It's from same GAN though, C(x_r) and C(x_f) come from the same neural network. It's how realistic real data is compared to fake data (and vice-versa) as determined by C (discriminator without activation function).
"Relative probability" is only correct for standard GAN, not for other GANs which don't estimate a probability.
My first name was "Critic's difference" since it's literally C(x_r)-C(x_f) so its the difference in critics, but it felt really unclear, it doesn't give the reader any sense of what it is about. Relativism/Relativistic is better since it's to say that it really doesn't matter if the data looks real, what matters if how realistic is real data relative to fake data (and vice versa). The frame of reference is important here.

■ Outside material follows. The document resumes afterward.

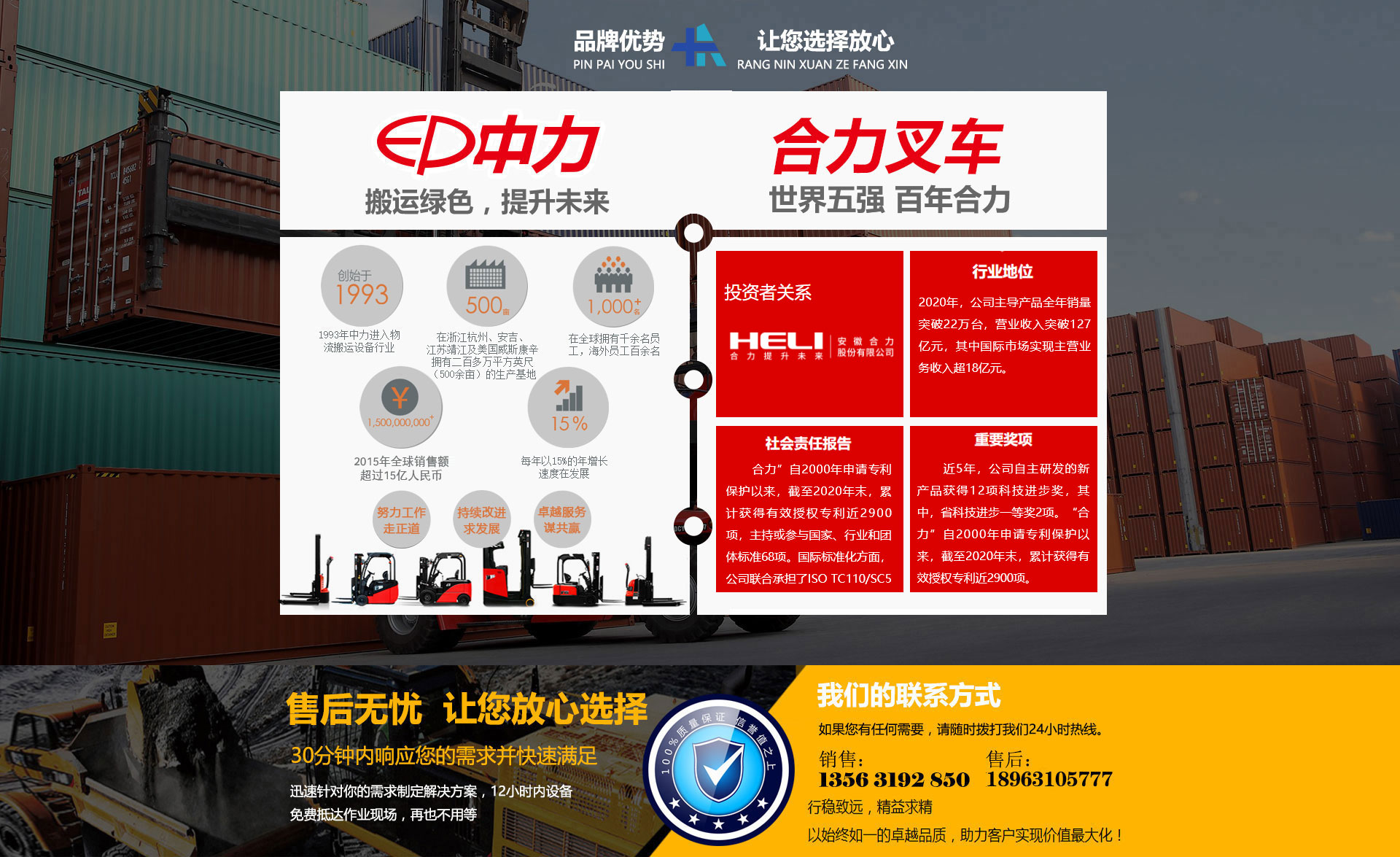 中力公司自1993年開始進入現代物流設備制造業,是專業從事叉車及倉儲設備的全球性制造企業。中力以產品技術創新,不斷滿足客戶定制要求而先于同行業。 榮獲德國紅點設計大獎及美國、中國數百項專利,并因此得到了百事可樂、可口可樂、沃爾瑪、特斯拉、德邦等數百家全球500強企業及國內物流龍頭企業的青睞。 ......

It's not even probability in standard GAN is it? Since you are taking the difference before the sigmoid. It can't really be interpreted as probability until it the range is clamped. Critic's difference or Critical Difference would be a better term perhaps.
Since sigmoid(C(x_r)) = p(x_r is real) and C(x_f) = p(x_f is real), the sigmoid of the difference expresses some probability that that x_r looks more real than x_f or vice versa (depending on whether it is C(x_r) - C(x_f) or C(x_f) - C(x_r)). Not sure whether there is a probabilistic interpretation of the difference, but it looks so simple that there maybe is one. I couldn't find one in the paper.